ACTION ITEM: Transcribe exactly, and only, the lines from the one with "7、直到将飞机飞行至绿色标记" through the end of the records below, including both of those lines. Skip all pictures.

****************************************

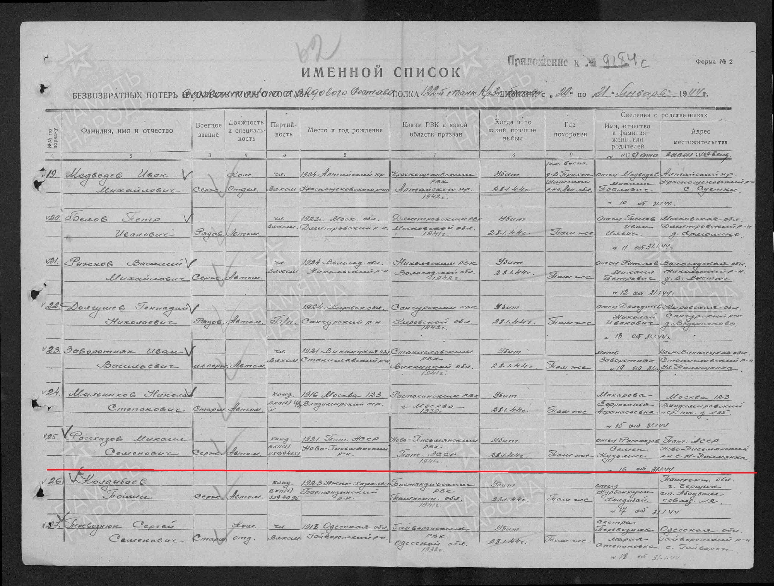 Призван 08.1941г. Ново-Письмянским РВК. Воинское звание сержант. Воинская часть 122 танковая бригада.
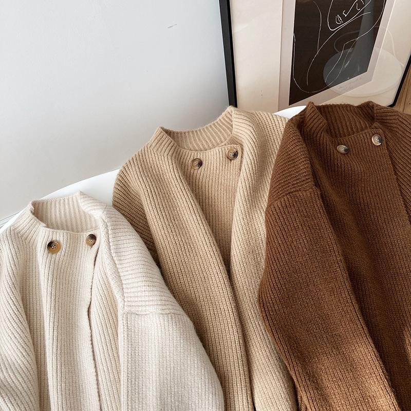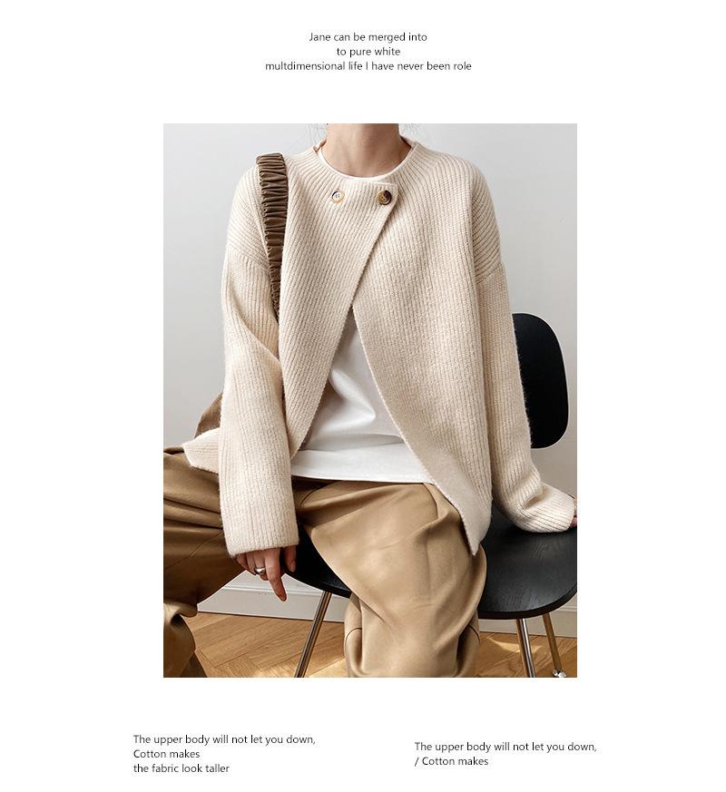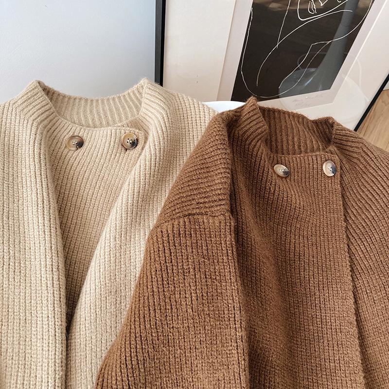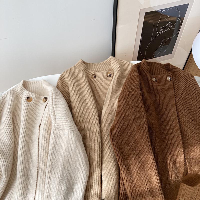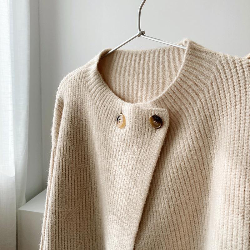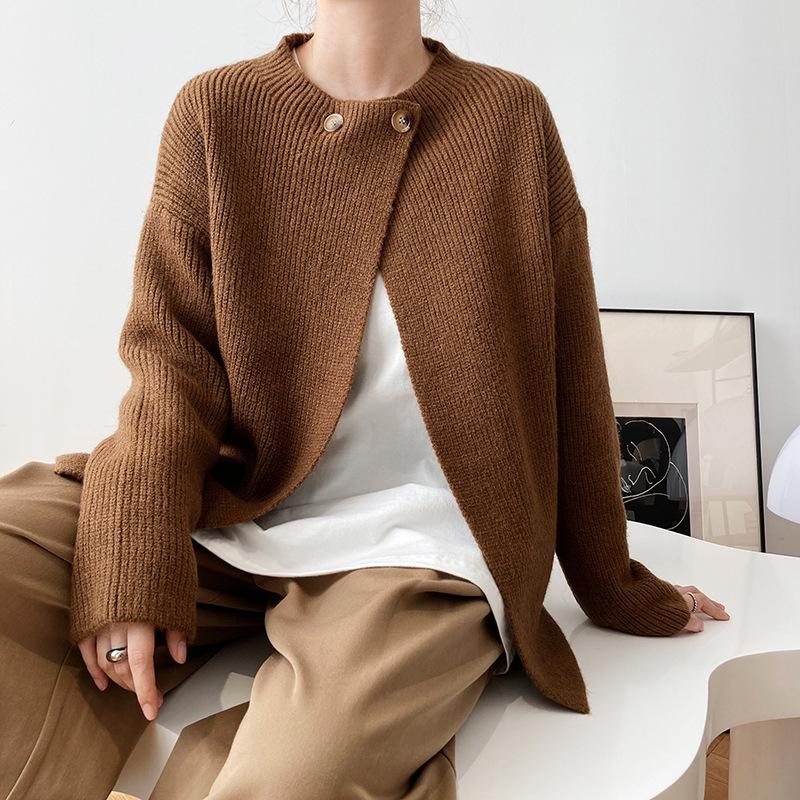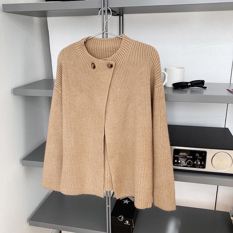 Cárdigan de punto con botones y cuello redondo estilo coreano para mujer, primavera y otoño 2025, nuevo estilo perezoso, suéter informal sencillo, moda para mujer
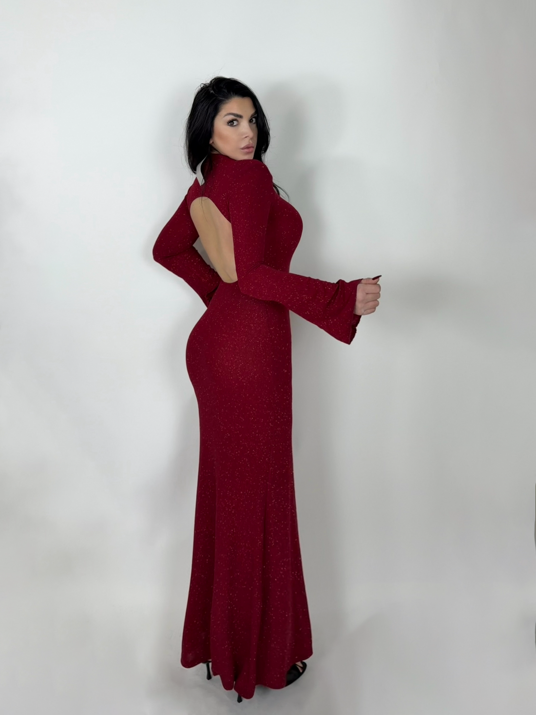 Abito lungo a sirena con scollo dietro “Seraphina”
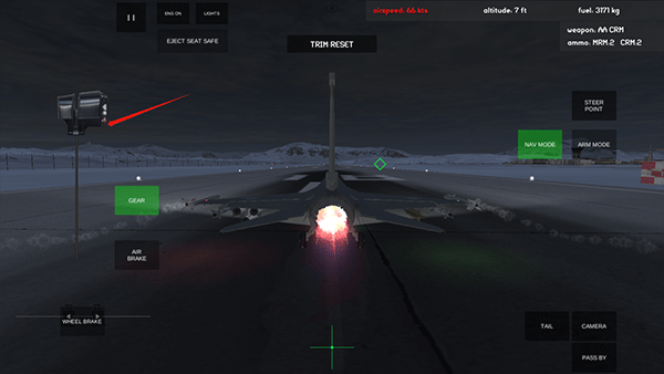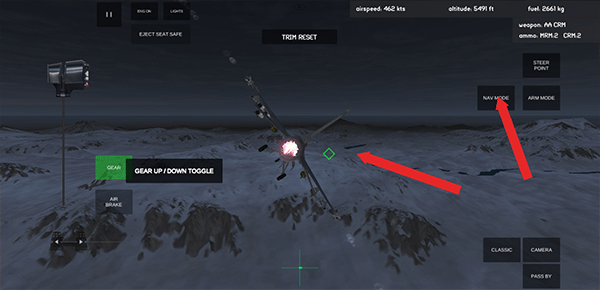 7、直到将飞机飞行至绿色标记点即可(不显示标记点时,可以点击屏幕上的nav mode开启导航)
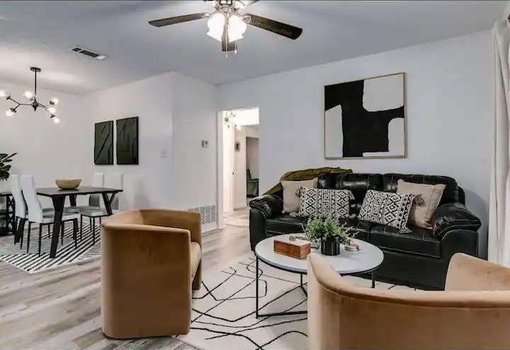 Welcome to our charming Airbnb for six guests with two bathrooms. Recently remodeled, it boasts a fresh, modern ambiance with new appliances and fixtures. Inside, enjoy a cozy, homey atmosphere with stylish living spaces and two modern bathrooms for privacy. The well-equipped kitchen is perfect for cooking. Outside, relax in the spacious backyard. Minutes from grocery stores, restaurants, and attractions, it offers easy access for a memorable stay, whether for business or pleasure.
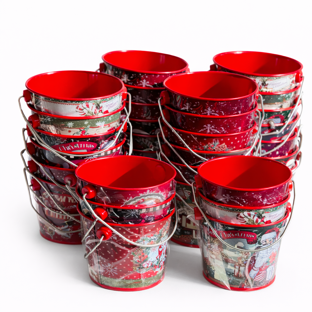 Dostupné farebné prevedenie : plechové vedierko s motívom Mikuláš a Vianoce – mix motívov
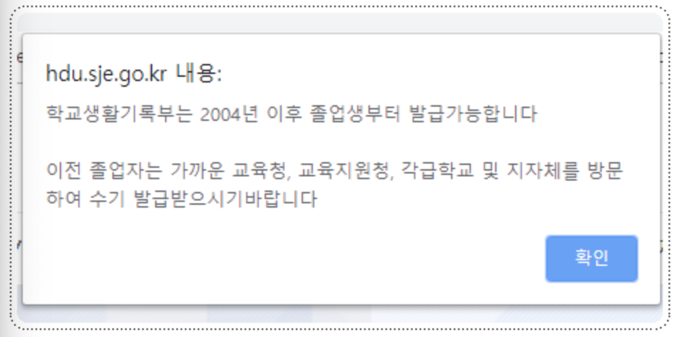 5. 학교생활부 클릭하면 2004년생 이후 졸업생부터 발급가능하다는 팝업창이 뜹니다.

****************************************

TASK SOLUTION:
 7、直到将飞机飞行至绿色标记点即可(不显示标记点时,可以点击屏幕上的nav mode开启导航)
 Welcome to our charming Airbnb for six guests with two bathrooms. Recently remodeled, it boasts a fresh, modern ambiance with new appliances and fixtures. Inside, enjoy a cozy, homey atmosphere with stylish living spaces and two modern bathrooms for privacy. The well-equipped kitchen is perfect for cooking. Outside, relax in the spacious backyard. Minutes from grocery stores, restaurants, and attractions, it offers easy access for a memorable stay, whether for business or pleasure.
 Dostupné farebné prevedenie : plechové vedierko s motívom Mikuláš a Vianoce – mix motívov
 5. 학교생활부 클릭하면 2004년생 이후 졸업생부터 발급가능하다는 팝업창이 뜹니다.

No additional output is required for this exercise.